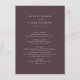 Designed to coordinate with the Lea Delaveris Design fall leaves autumn wedding collection, this wedding reception menu simple type and a season plum background. The text is customizable, allowing you to list all the meal offerings.
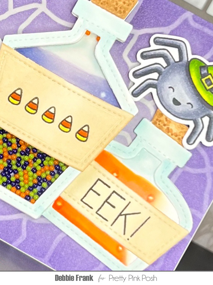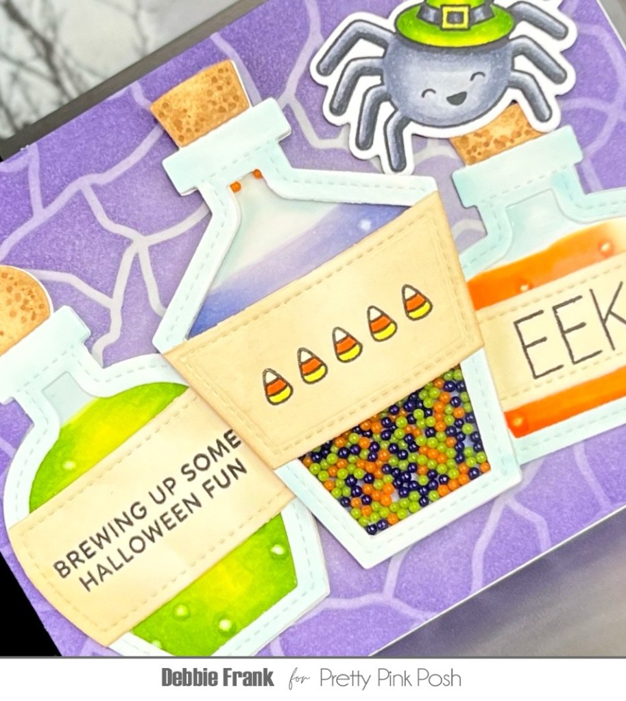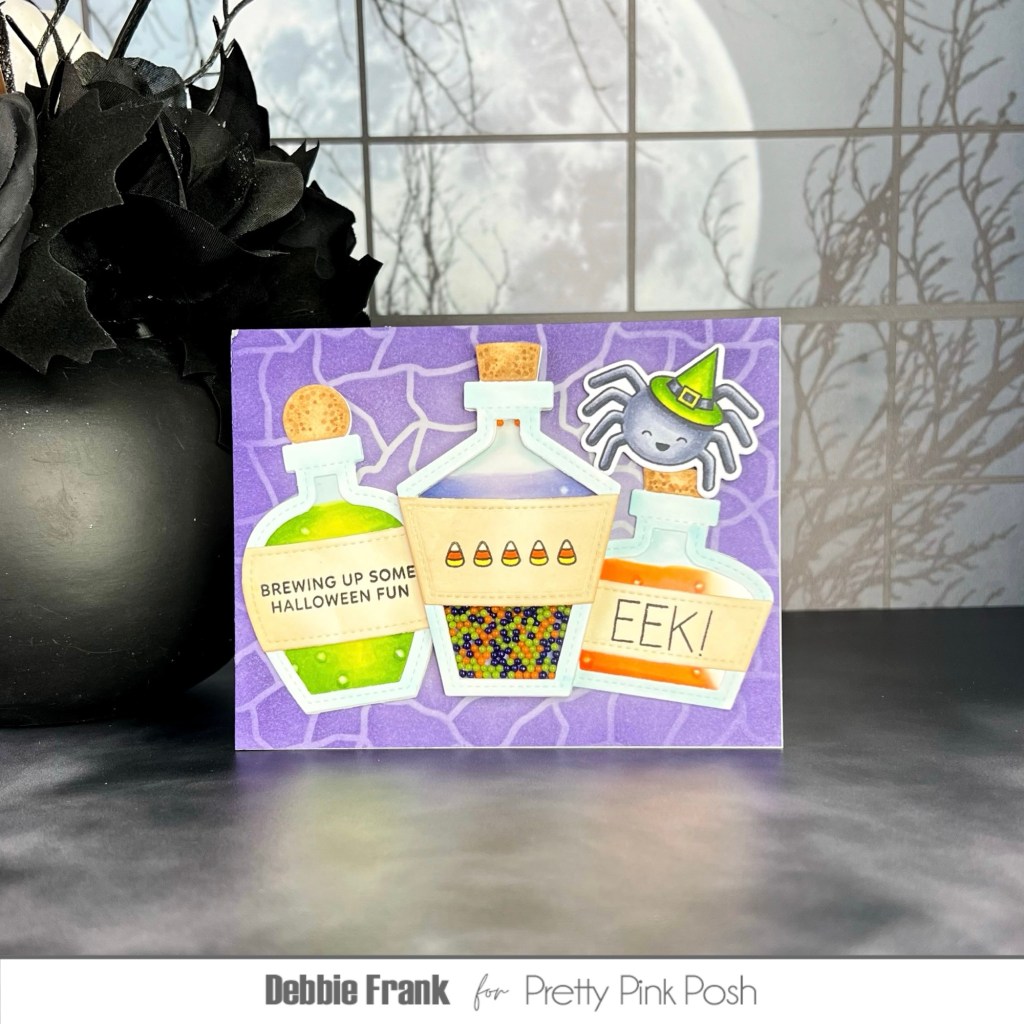 Hi friends, how much are we loving the new Halloween release from Pretty Pink Posh Stamps? Today I’m showcasing the new Potion Bottle Dies and the Crackle Background Stencil.
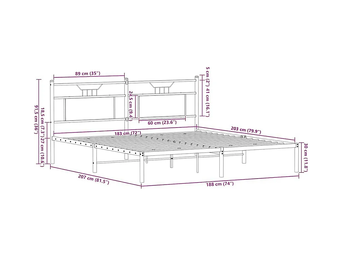 Estructura de cama sin colchón metal roble Sonoma 183x213 cm

* YOUR INSTRUCTIONS
Print the material word for word; images are to be left out.

* ANSWER SPACE
 Designed to coordinate with the Lea Delaveris Design fall leaves autumn wedding collection, this wedding reception menu simple type and a season plum background. The text is customizable, allowing you to list all the meal offerings.
 Hi friends, how much are we loving the new Halloween release from Pretty Pink Posh Stamps? Today I’m showcasing the new Potion Bottle Dies and the Crackle Background Stencil.
 Estructura de cama sin colchón metal roble Sonoma 183x213 cm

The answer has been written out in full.